T-bills bull run halted

The short term government note has ended its impressive performance after recording under subscription in the last week treasury bills auction for the first time since the beginning of the year.

The average weighted yield made its way upward to 9.37 per cent from 8.92 per cent of the previous session at an auction that saw investors’ low demand for the short term government paper, the Bank of Tanzania (BoT) has said.

Yield rates across all tenors declined significantly but did not discourage investors to scramble for the investment opportunity in the treasury bills.

The yield on the 364 days edged up to 10.37 per cent from 9.71 per cent of the auction held two weeks ago attracting bids worth 21.81bn/- against 55bn/- offered to the market.

Similarly, yield on the six months treasury bills increased to 9.78 per cent from 8.99 per cent of the previous session with total amount tendered rising to 48.35/-, up from 45bn/- offered for bidding.

For the 91 days tenor, yield rate made a slight increase to 6.86 per cent from 6.63 per cent of the other session attracting bids worth 23.32bn/- compared to 32bn/- offered to the market.
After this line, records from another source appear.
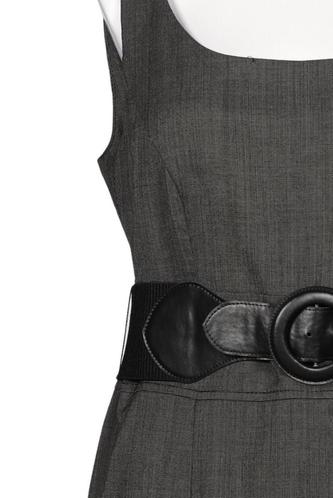 | Details | ärmellos, Bindegürtel, Rundhals, Reißverschluss/Knöpfe hinten, Nadelstreifen |
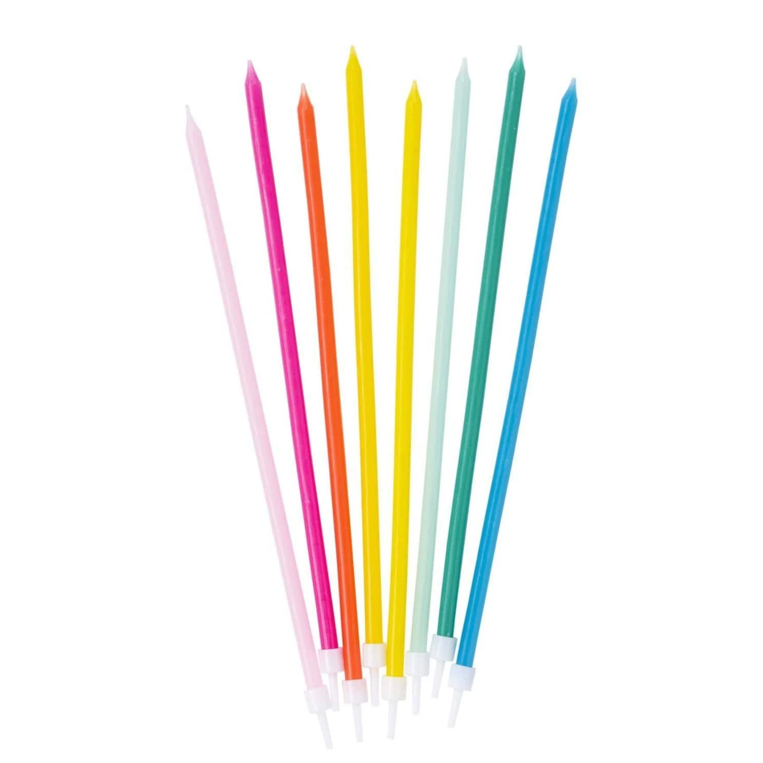 Light up the party with these tall rainbow candles! Each pack contains 16 tall thin candles in 7 different colours.
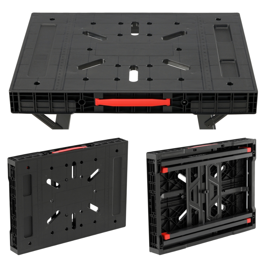 Yes. The table features a smart folding mechanism that saves space when folded and is easy to store. Additionally, it has a carrying handle, making it convenient for users to transport to job sites or other work areas.
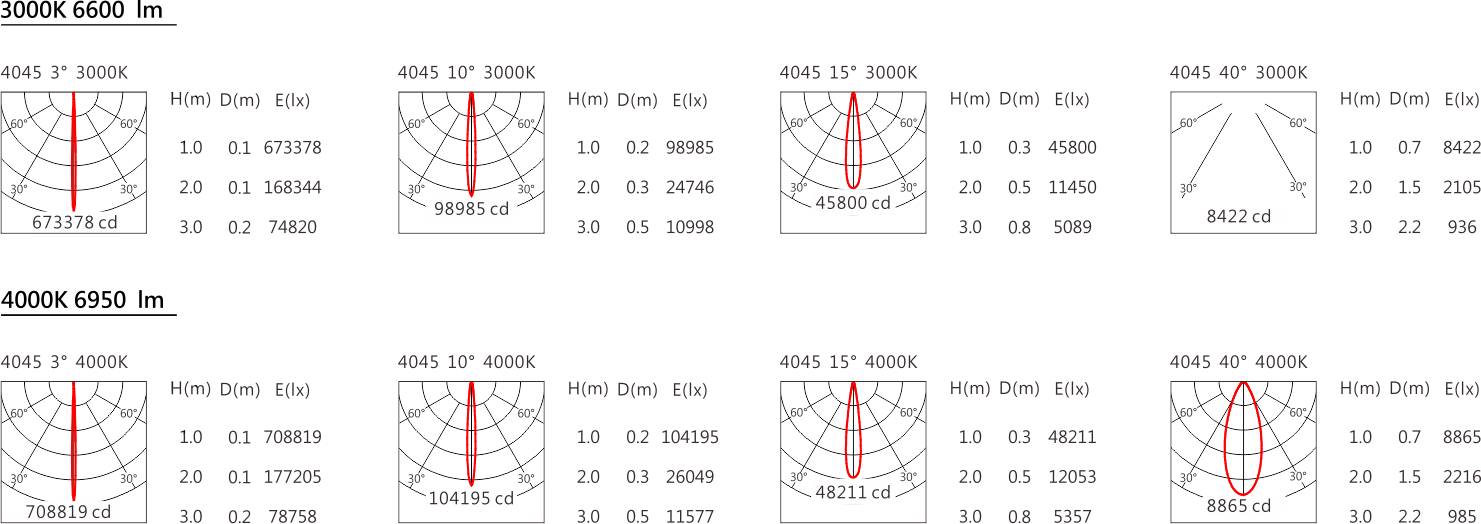 光束角(Beam Angle):3°、10°、15°、40°
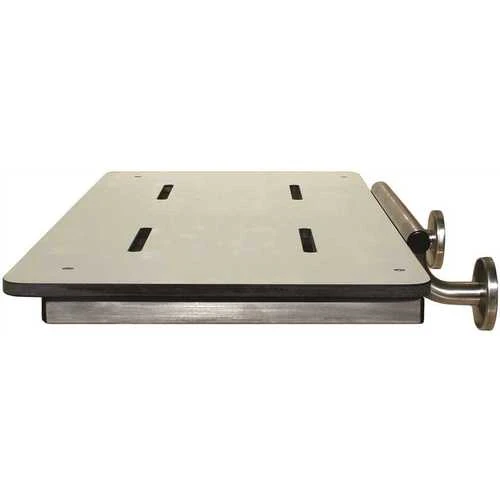 Permanent rear mount tub bench 29 in. x 18.5 in. without skis. Meets and exceeds all building codes ADA criteria and 2010 ADAAG and 2009 ANSI standards. Exceeds 250 lb.. load rating. White phenolic solid top with slots. The frame of the bench is stainless steel (18/8) and the seat is automatically held in a raised position by a stainless steel friction hinge bracket attached to the end of the tub seat. When lowered into its down position the seat rests securely on the tub dam for support. Can be easily installed with our GBW40 WingIts worlds strongest fastener. Designed for tubs with a 15.5 in. to 17.5 in. height from tub dam to finished floor.
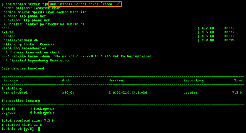 This command makes sure that the kernel devel version matches your current version. Proceed with the installation. Once the kernel-devel is completed you will get the directory for the current kernel in /usr/src/kernels
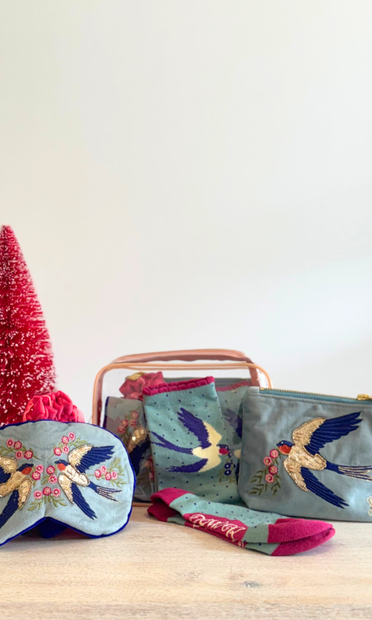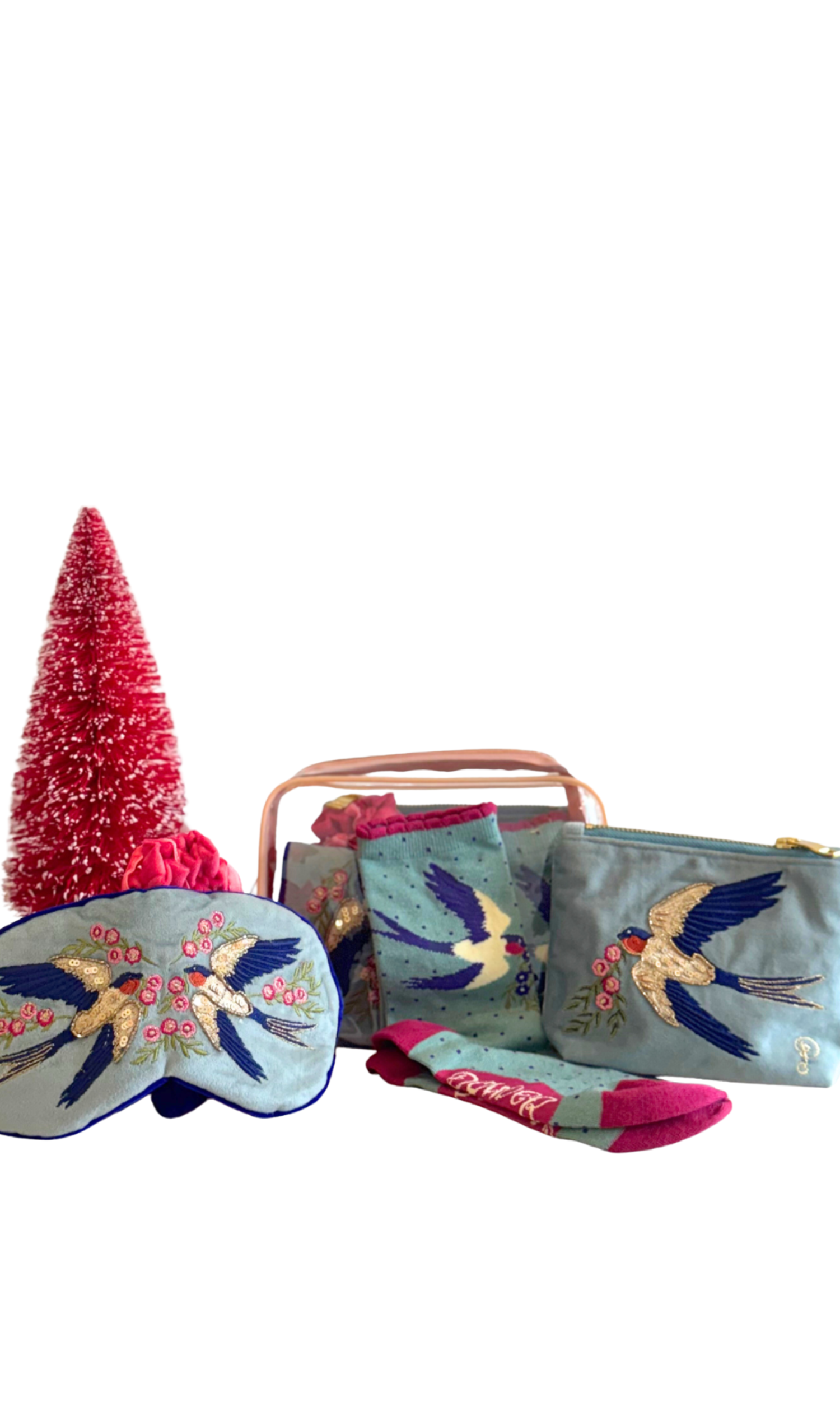 This set is the perfect gift! The Voyage Kit Songbirds Set includes an sleep mask, a pair of socks, and a small pouch perfect for filling with essentials. The embroidered songbird adds the perfect touch of serenity and femininity to the set.
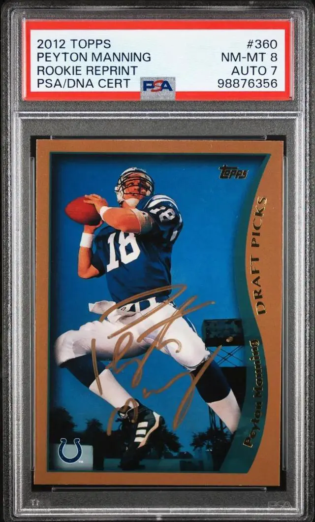 This is a Peyton Manning signed 2012 Topps Rookie Reprint On Card Auto #360- PSA Graded 8 NM-MT/Autograph 7 (Colts/HOF). Image of actual item in stock - as shown.
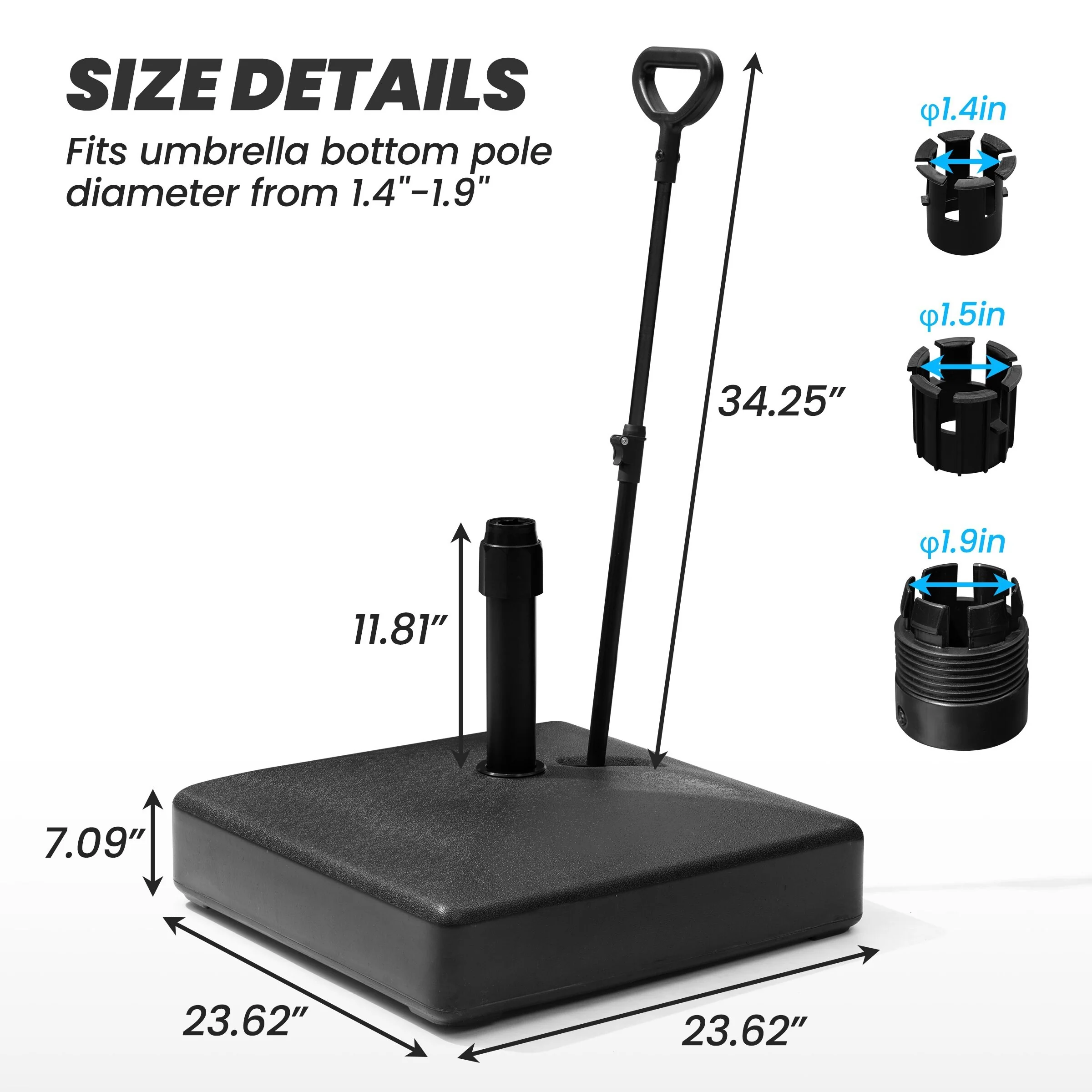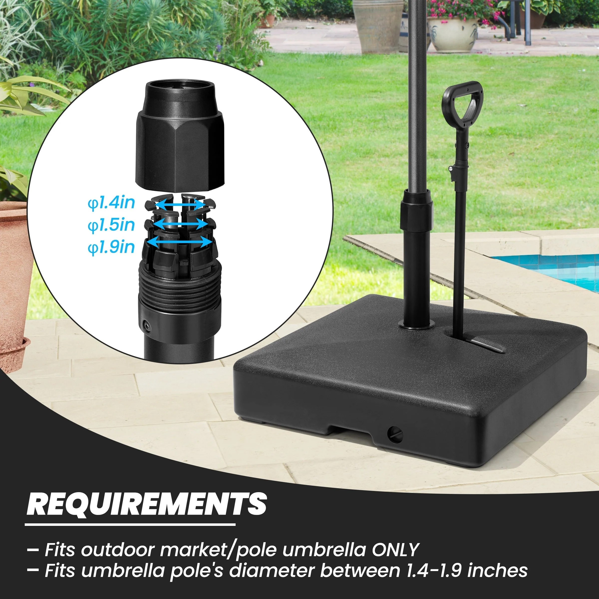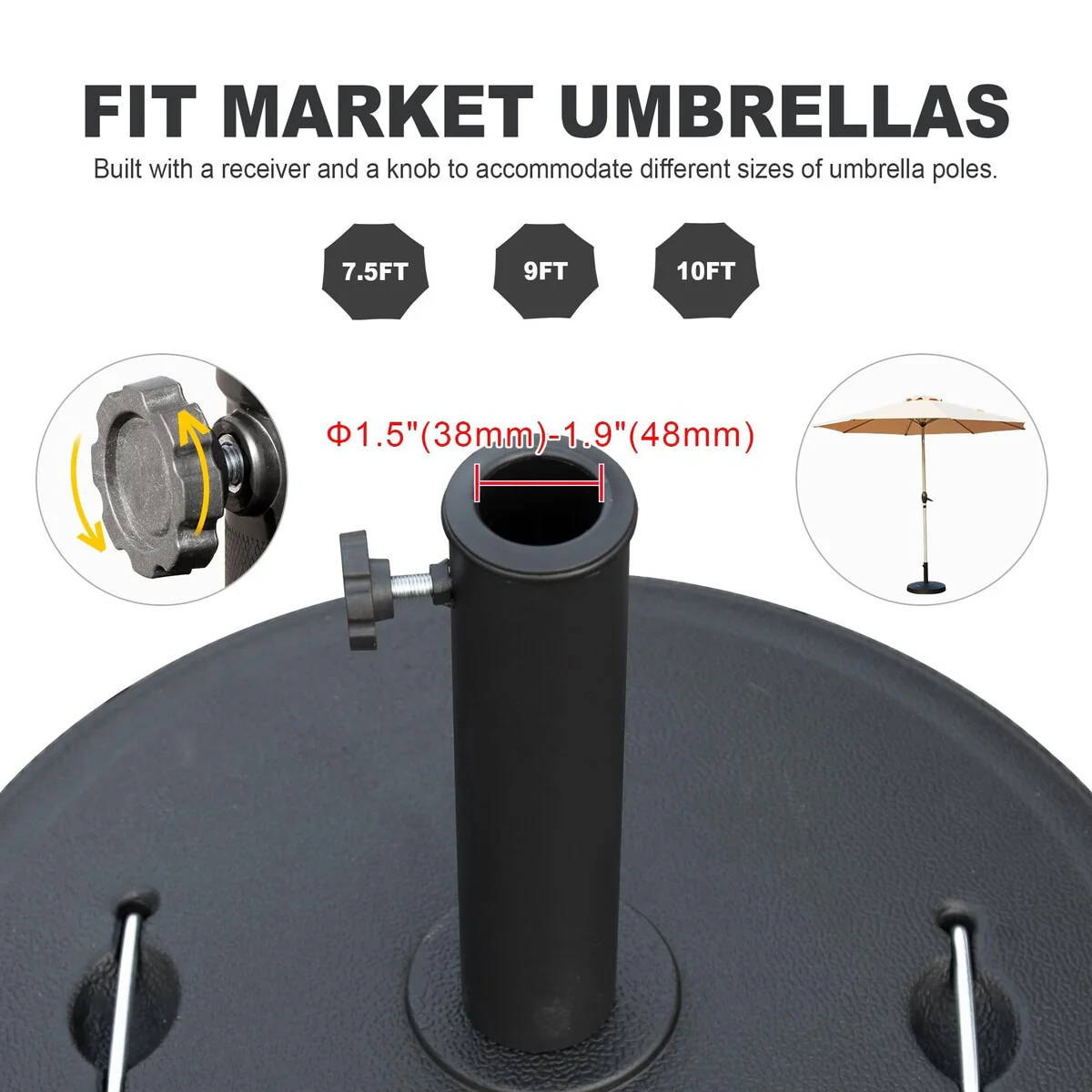 Umbrella Stand Base with Adjustable Knob, for Outdoor 1.5''~1.9'' Market Umbrella Heavy Duty Umbrella Holder

Investors shunned from the 35 days offer although a total of 3bn/- was offered for bidding.

The participation of investors particularly from the East African region in the debt securities has increased competitions, the situation that is benefiting the government borrowing at the minimal price.

The BoT auction summary shows further that short term paper became under subscribed to 93.48bn/- compared to 135bn/- offered to the market for bidding.

The poor participation of investors in the short term government paper immediately after the long public holidays resulted to low performance.